• _Information provided_:

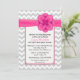 Une élégante invitation à la douche nuptiale faite en arrière - plan par un motif de zigzag de chevron gris clair et blanc. Au centre, une zone de texte blanche aux bords roses est décorée au sommet d'un ruban rose vif et d'une jolie fleur. Le texte en rose et en gris est prêt à être personnalisé pour votre événement de mariage. Joliment inviter la mariée à être chérit.
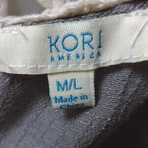 Kori America women's M/L, vest, gray with cream crochet fringe, loose fit, open style
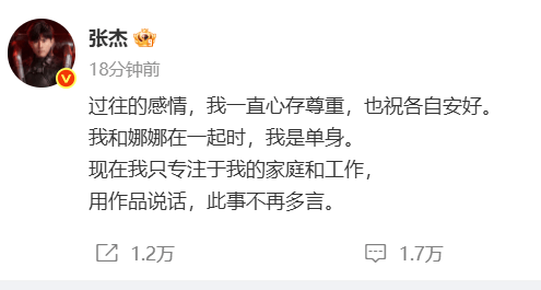 3月3日晚,张杰发文回应此事:“过往的感情,我一直心存尊重,也祝各自安好。我和娜娜在一起时,我是单身。”

• _Activity_:
A verbatim transcript of the material above, with images dropped, is the expected output.

• _Reply_:
 Une élégante invitation à la douche nuptiale faite en arrière - plan par un motif de zigzag de chevron gris clair et blanc. Au centre, une zone de texte blanche aux bords roses est décorée au sommet d'un ruban rose vif et d'une jolie fleur. Le texte en rose et en gris est prêt à être personnalisé pour votre événement de mariage. Joliment inviter la mariée à être chérit.
 Kori America women's M/L, vest, gray with cream crochet fringe, loose fit, open style
 3月3日晚,张杰发文回应此事:“过往的感情,我一直心存尊重,也祝各自安好。我和娜娜在一起时,我是单身。”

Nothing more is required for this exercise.